[Data extracted from a collection]
● ● ●

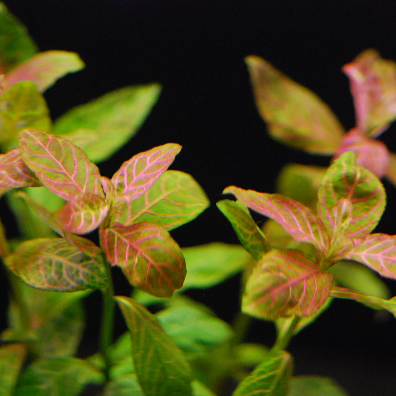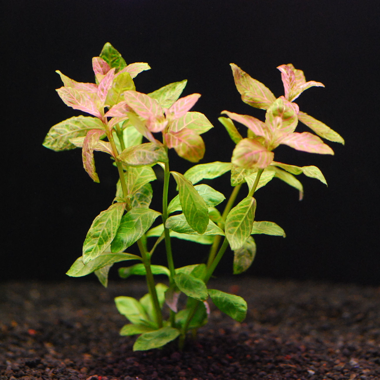 新葉に強く入るピンク色の斑が美しい。扱いやすい水草。
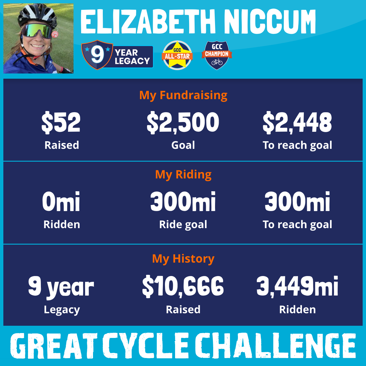 I have been part of the Great Cycle Challenge community since the beginning in 2015. However, due to health issues this is my 8th year physically participating.
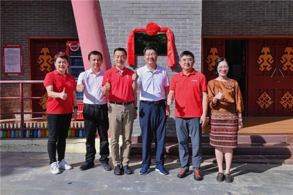 毛道乡“消碳庄园”揭牌,从左到右分别为:海南太古可口可乐总经理宋丽华、五指山市人民政府党组成员、副市长高亮、太古可口可乐中国区首席执行官党建、中国绿化基金会副主席兼秘书长陈蓬、可口可乐大中华及蒙古区副总裁张建弢、毛道乡党委书记黄凌凤
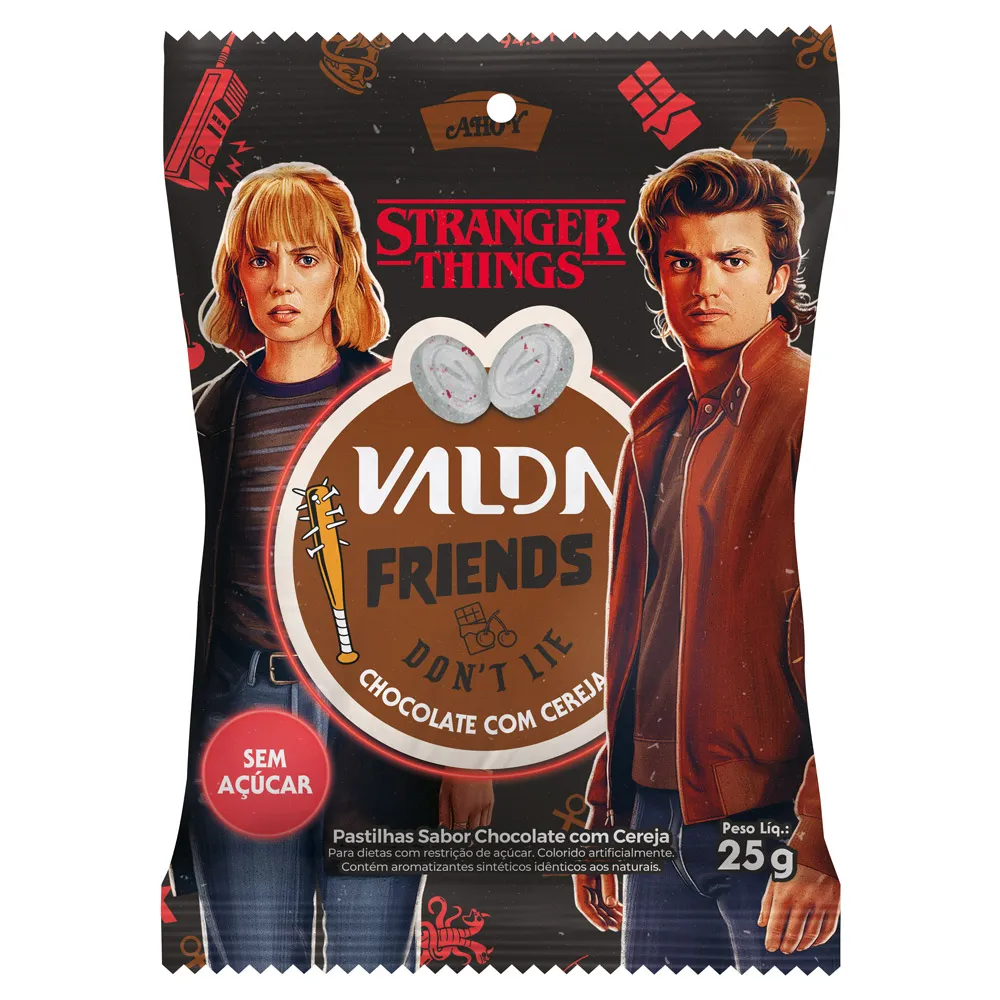 R$ 7,89Pastilhas Valda Friends Stranger Things Chocolate com Cereja 25g - Sem Açúcar, Edição Limitada
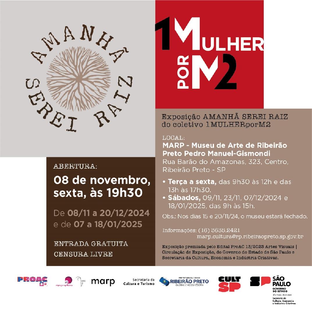 Com as artistas do coletivo 1MULHERporM2, participantes da mostra Amanhã Serei Raiz, em exposição no MARP. Mediação Nilton Campos. Neste encontro, os participantes terão a oportunidade de conversar com as artistas e poderão ter acesso a mais informações sobre as suas trajetórias artísticas, as suas pesquisas, seus processos de trabalho e sobre as suas obras.
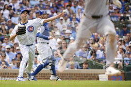 Pittsburgh Pirates pitcher Carmen Mlodzinski tosses to first base for an out against Chicago Cubs' Michael Busch during the third inning of a baseball game, Sunday, Aug. 17, 2025, at Wrigley Field in Chicago. (AP Photo/Mark Black)
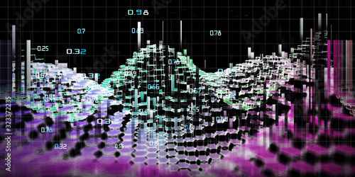 Abstract binary hexagon color wave. 3D big data concept. Intricate mass financial data threads analysis. Big Data. Business and finance analytics representation.
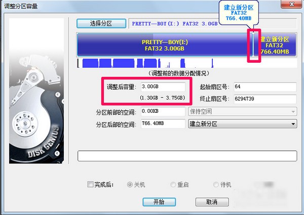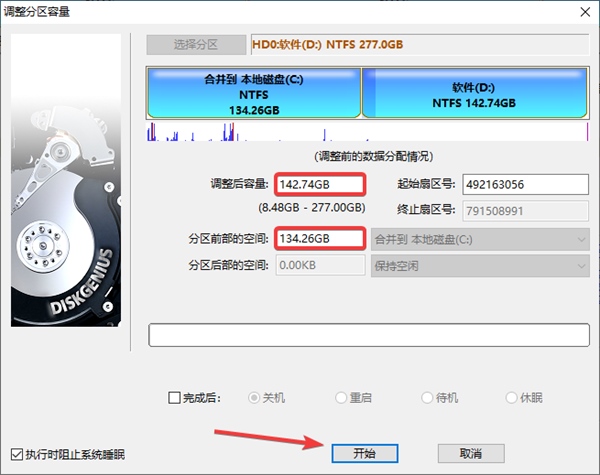 7、diskgenius设置好容量之后我们点击开始,等diskgenius合并分区处理完之后就可以了
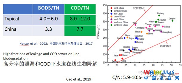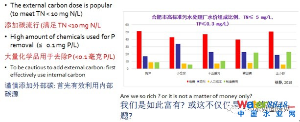 由于碳氮比不夠,外加碳源很普遍。曹業(yè)始指出這個做法的弊端:與此相關(guān)有兩方面問題,第一、實際上進水當中的COD沒有被充分利用;第二,消耗了能源,是不可持續(xù)的。
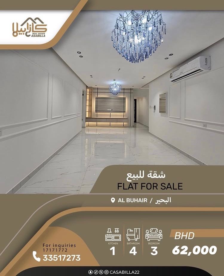 For sale: a deluxe apartment with air conditioners in a prime location in Al Buhair. First, apartment details: 1 family living room with a balcony, 3 master bedrooms with bathrooms, 4 bathrooms, 3 balconies, 1 Arabic kitchen, 1 laundry room. Second, facilities and services: elevator, split air conditioners, shaded parking, near a petrol station. Third, area and price: area 150 square meters, price 62,000 Bahraini dinars negotiable. For contact and inquiries.

● ● ●

[Exercise] Each line from the first line of the data above through the one containing "由于碳氮比不夠,外加碳源很普" must be set down exactly; the pictures must not be.

[Solution]
 新葉に強く入るピンク色の斑が美しい。扱いやすい水草。
 I have been part of the Great Cycle Challenge community since the beginning in 2015. However, due to health issues this is my 8th year physically participating.
 毛道乡“消碳庄园”揭牌,从左到右分别为:海南太古可口可乐总经理宋丽华、五指山市人民政府党组成员、副市长高亮、太古可口可乐中国区首席执行官党建、中国绿化基金会副主席兼秘书长陈蓬、可口可乐大中华及蒙古区副总裁张建弢、毛道乡党委书记黄凌凤
 R$ 7,89Pastilhas Valda Friends Stranger Things Chocolate com Cereja 25g - Sem Açúcar, Edição Limitada
 Com as artistas do coletivo 1MULHERporM2, participantes da mostra Amanhã Serei Raiz, em exposição no MARP. Mediação Nilton Campos. Neste encontro, os participantes terão a oportunidade de conversar com as artistas e poderão ter acesso a mais informações sobre as suas trajetórias artísticas, as suas pesquisas, seus processos de trabalho e sobre as suas obras.
 Pittsburgh Pirates pitcher Carmen Mlodzinski tosses to first base for an out against Chicago Cubs' Michael Busch during the third inning of a baseball game, Sunday, Aug. 17, 2025, at Wrigley Field in Chicago. (AP Photo/Mark Black)
 Abstract binary hexagon color wave. 3D big data concept. Intricate mass financial data threads analysis. Big Data. Business and finance analytics representation.
 7、diskgenius设置好容量之后我们点击开始,等diskgenius合并分区处理完之后就可以了
 由于碳氮比不夠,外加碳源很普遍。曹業(yè)始指出這個做法的弊端:與此相關(guān)有兩方面問題,第一、實際上進水當中的COD沒有被充分利用;第二,消耗了能源,是不可持續(xù)的。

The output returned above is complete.